## RECORD EXCERPTS
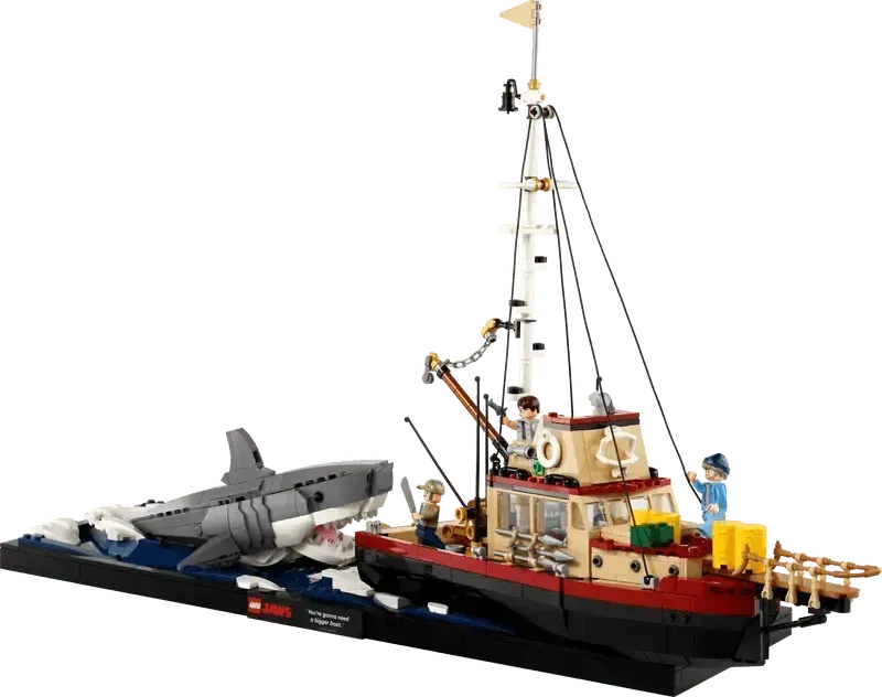 This collectible Jaws LEGO diorama set also includes 3 iconic characters – Chief Martin Brody, Matt Hooper and Sam Quint – plus an alternative display stand where the fully built Jaws shark figure can be displayed with the minifigures.
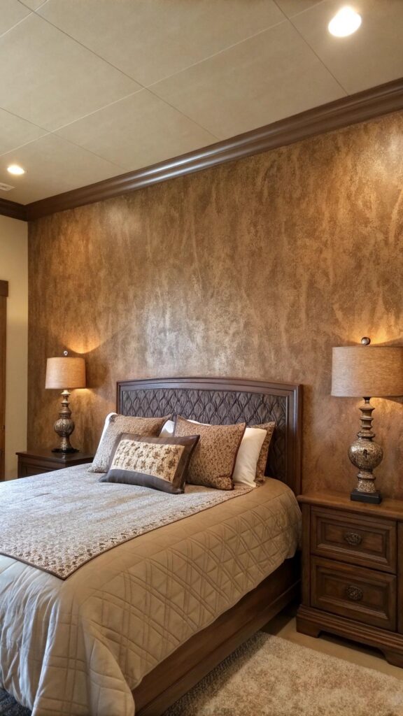 Textured walls add depth and interest to brown bedrooms. Consider a Venetian plaster finish for a subtle, sophisticated look. A brick or stone accent wall can create a rustic feel.
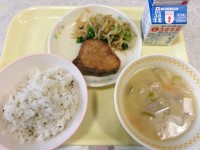 今日は「ふるさと給食の日」。メニューは、ツナごはん、牛乳、黒はんぺんのお茶フライ、厚揚げと玉ねぎのみそ汁、果物(冷凍みかん)です。
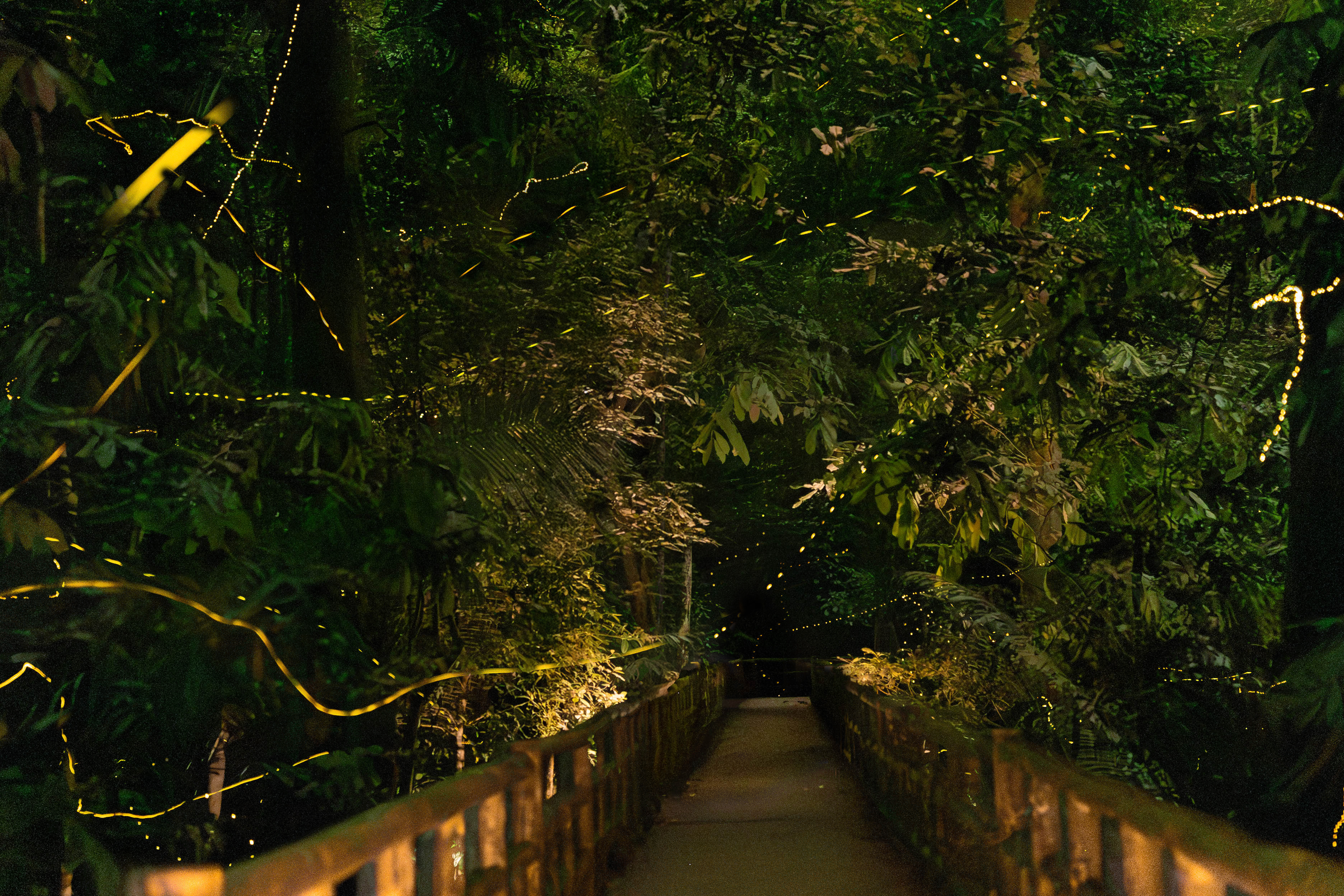The shimmering light of the firefly swarm illuminated the bridge leading to the Cave of Ancient Man.
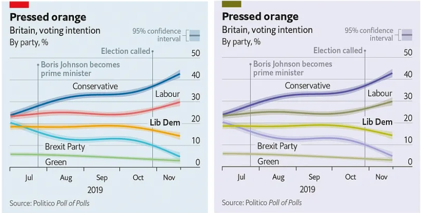 The Economist는 빨간색과 청록색 조합을 사용하여 색맹에게도 잘 보이도록 했습니다.
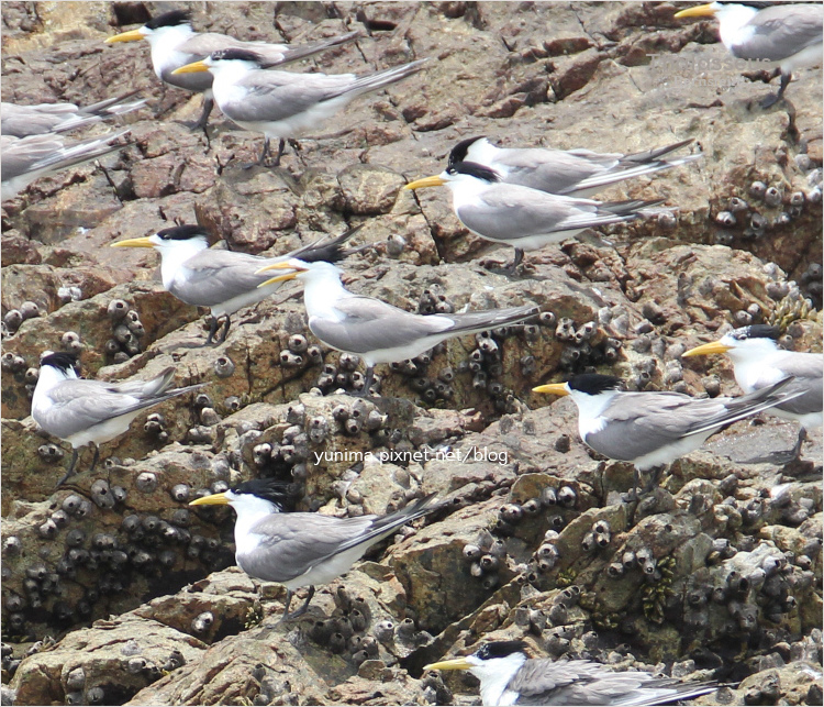 ↓ 中間 嘴巴尖尖的地方是黑色 那就是黑嘴端鳳頭燕鷗嘍!!
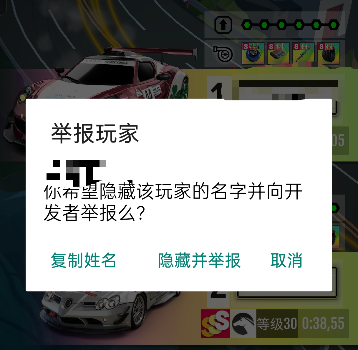 以联赛为案例,我们在进行一场正常的比赛后,在显示成绩页面,长按对手【车牌】3 秒钟,显示如下图片内容,点击举报即可。
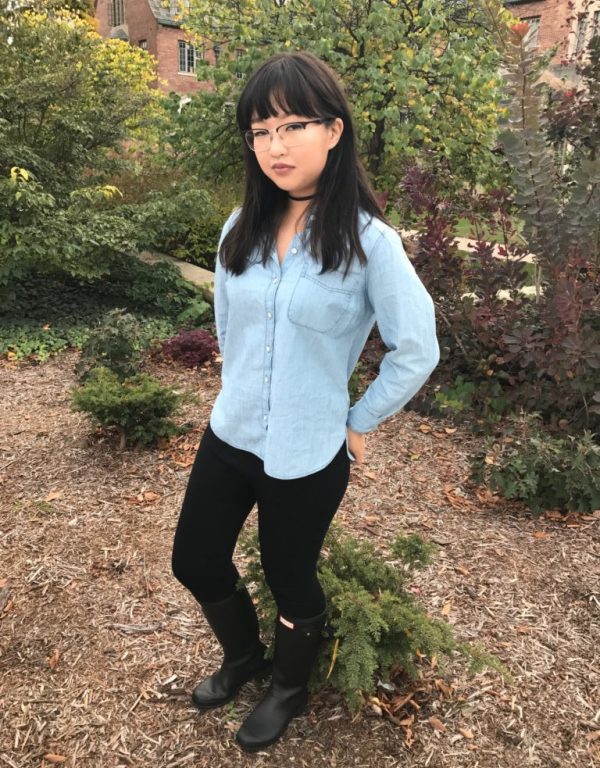 Rain boots are definitely a must in Michigan. You never know if it is going to rain or snow, so it is just better to be safe than sorry. Plus, they go with almost anything. This Fashionista paired her Hunter boots with a pair of leggings and a chambray button down. Leggings are always a good choice because they are comfortable and don’t constrict you from moving, while the chambray shirt gives your outfit a subtle pop of color.
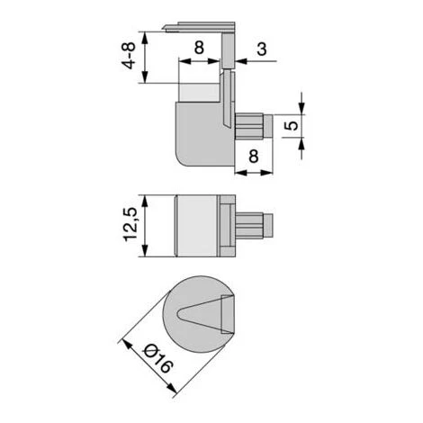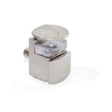 Support pour étagères en verre entre 4 et 8mm.<br>La partie supérieur du support est réglable afin de fixer le verre.<br>Taquet de 5mm.<br>Finition: nickelé<br><br><br><br><br>
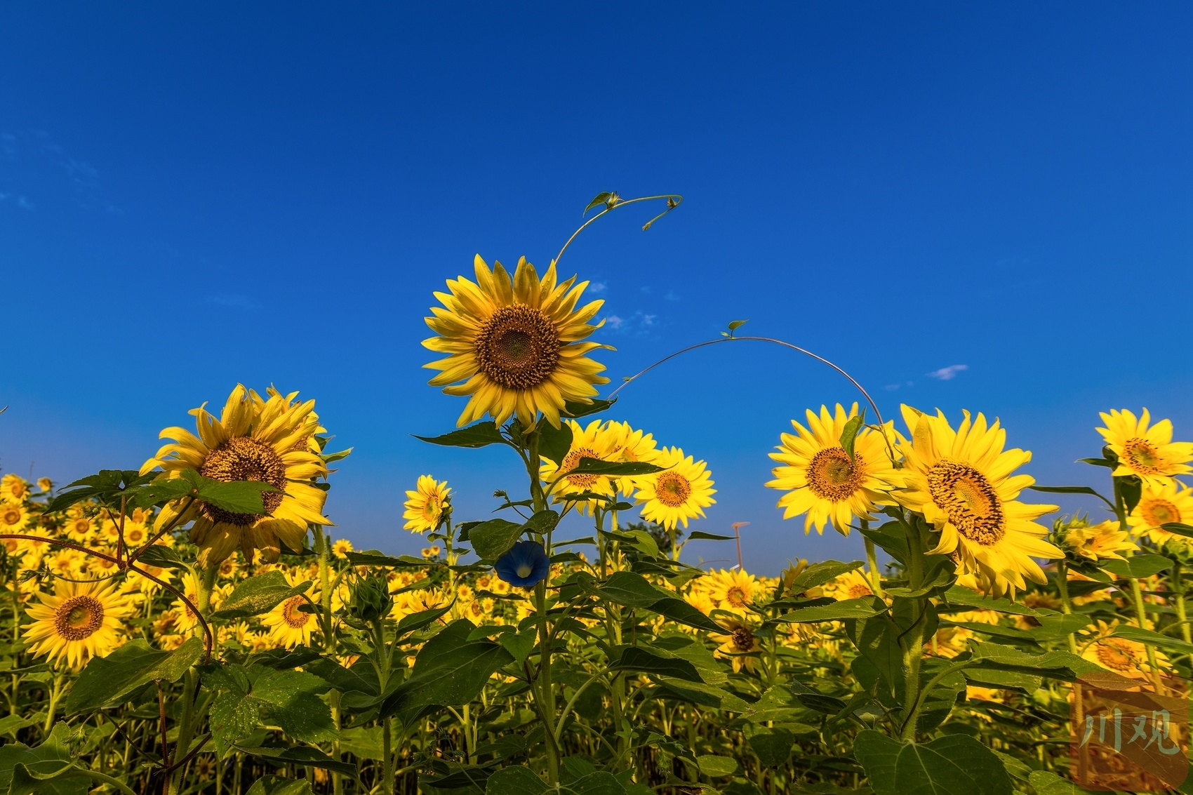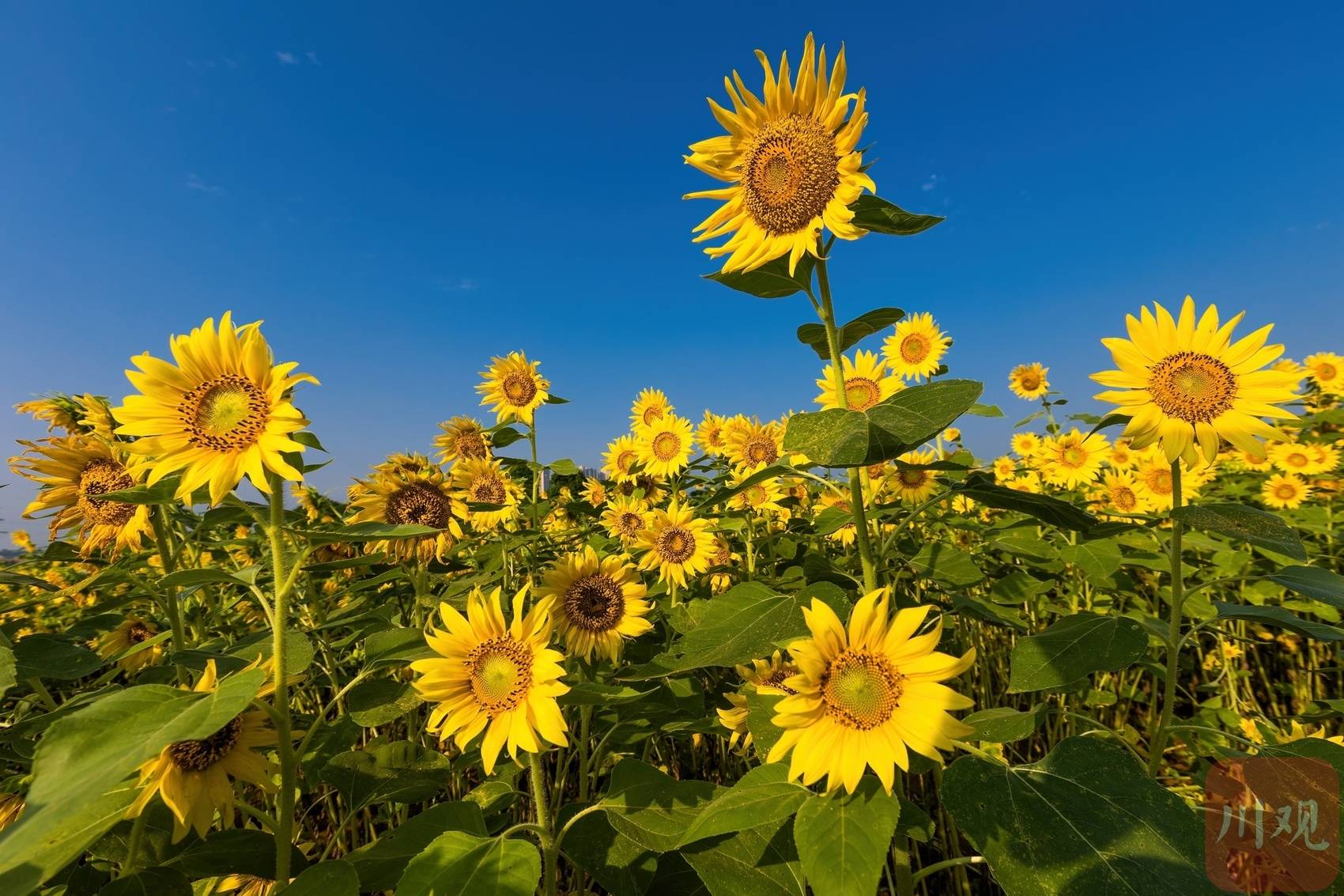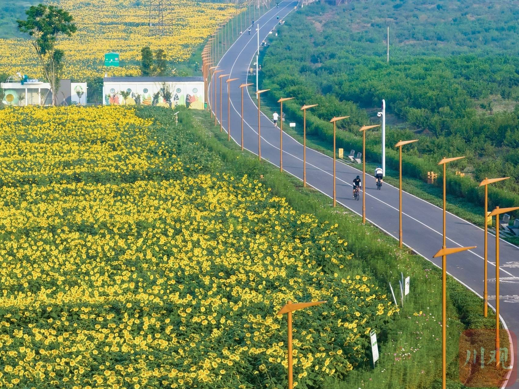 进入9月,夏天渐渐末了,秋天也如期而至,成都环城生态区“十万亩粮油产业带”的新都五龙山地块也成了一片黄色的海洋,金黄色的向日葵在蓝天白云的映衬下,甚是好看。早起的市民在绿道上骑行、散步,格外神清气爽。
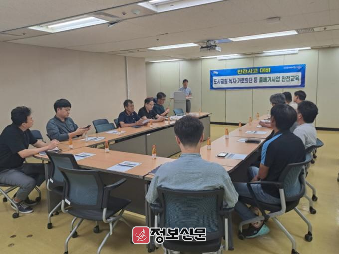 교육에는 유지관리사업에 참여하는 도급업체 22명이 참석했으며, 주요 내용으로는 ▲예초기 등 장비 안전 사용법 ▲보호 장구 착용 및 관리 ▲벌·뱀 등 외부 위험 요인 대처법 ▲응급상황 초기 대응 절차 등이 다뤄졌다.
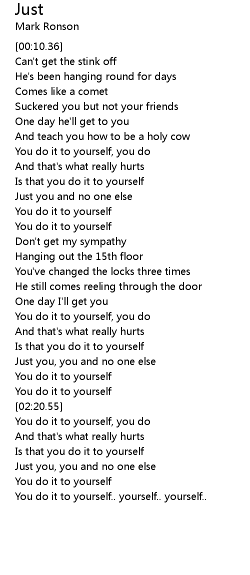 You do it to yourself, you do |
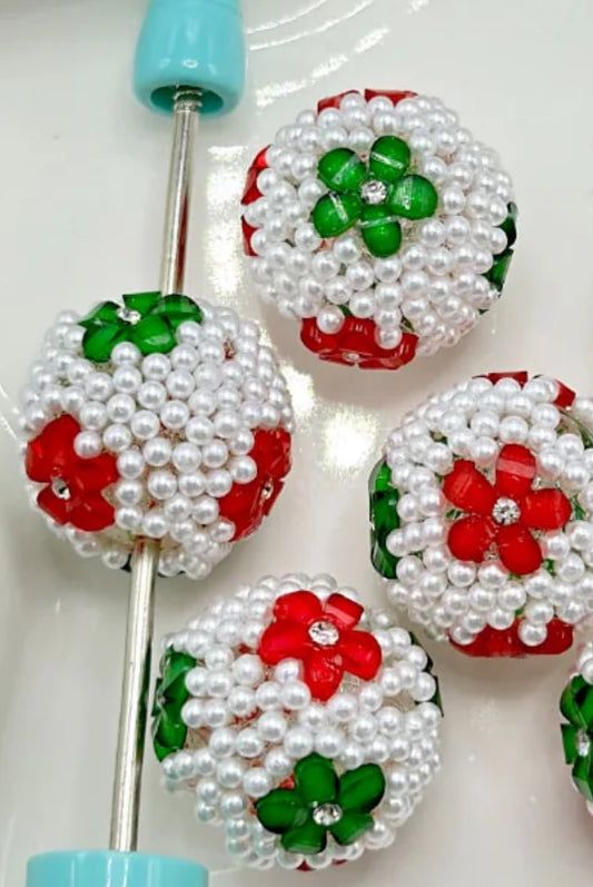 Five (5) Christmas seed beads flower design beads included/ jewelry Bead/ beadable pen beads/ keychain bead/ DIY/ 20mm
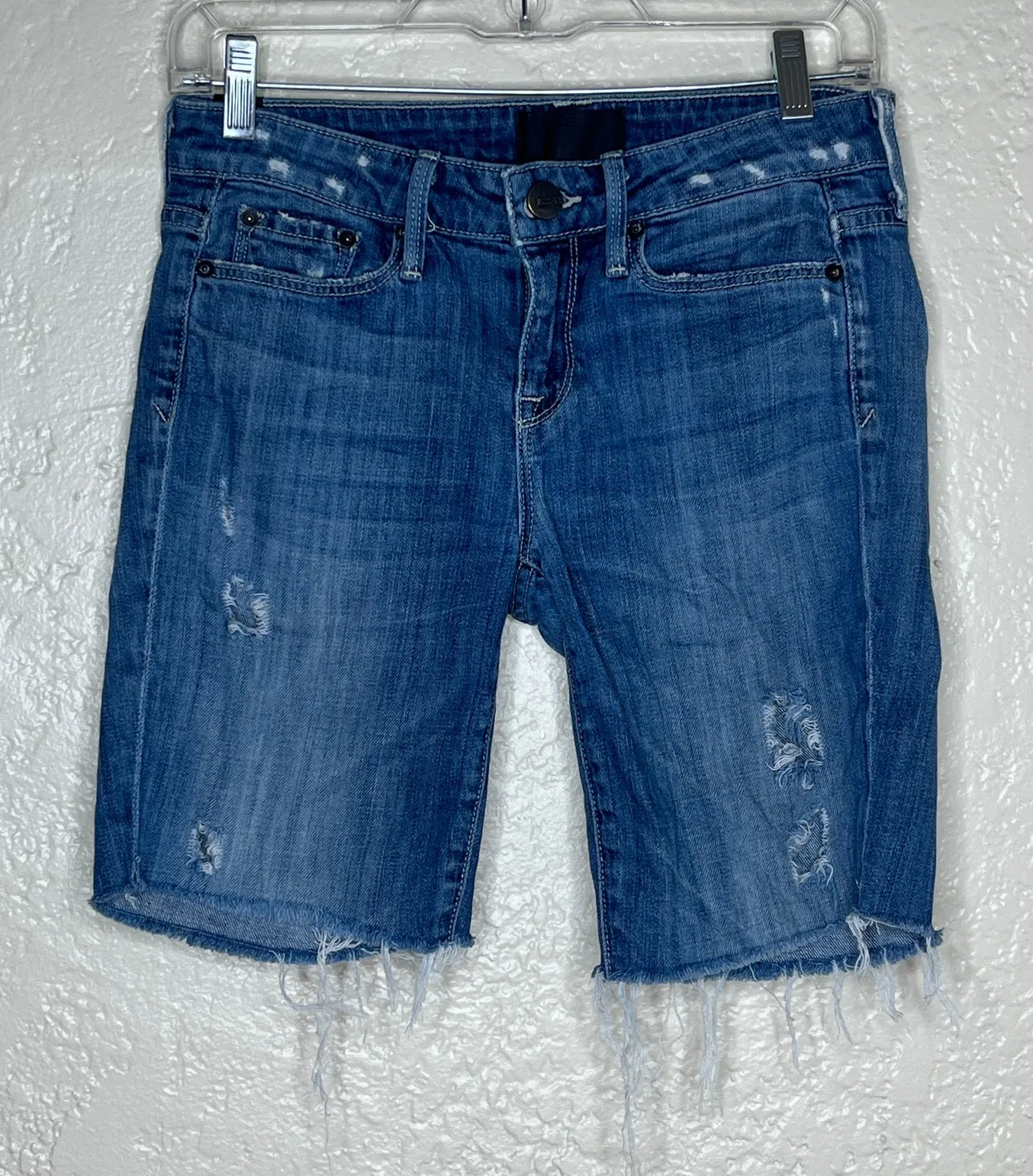 Vince women’s Dylan skinny Bermuda denim jean shorts in size 26 featuring a mid-rise fit and modern... Show more

## WORK REQUIRED
Return exactly the lines that appear in the data above between the line containing "The shimmering light" and the line containing "Support pour étagères", both of which are included, and leave the pictures out.

## RESPONSE AREA
The shimmering light of the firefly swarm illuminated the bridge leading to the Cave of Ancient Man.
 The Economist는 빨간색과 청록색 조합을 사용하여 색맹에게도 잘 보이도록 했습니다.
 ↓ 中間 嘴巴尖尖的地方是黑色 那就是黑嘴端鳳頭燕鷗嘍!!
 以联赛为案例,我们在进行一场正常的比赛后,在显示成绩页面,长按对手【车牌】3 秒钟,显示如下图片内容,点击举报即可。
 Rain boots are definitely a must in Michigan. You never know if it is going to rain or snow, so it is just better to be safe than sorry. Plus, they go with almost anything. This Fashionista paired her Hunter boots with a pair of leggings and a chambray button down. Leggings are always a good choice because they are comfortable and don’t constrict you from moving, while the chambray shirt gives your outfit a subtle pop of color.
 Support pour étagères en verre entre 4 et 8mm.<br>La partie supérieur du support est réglable afin de fixer le verre.<br>Taquet de 5mm.<br>Finition: nickelé<br><br><br><br><br>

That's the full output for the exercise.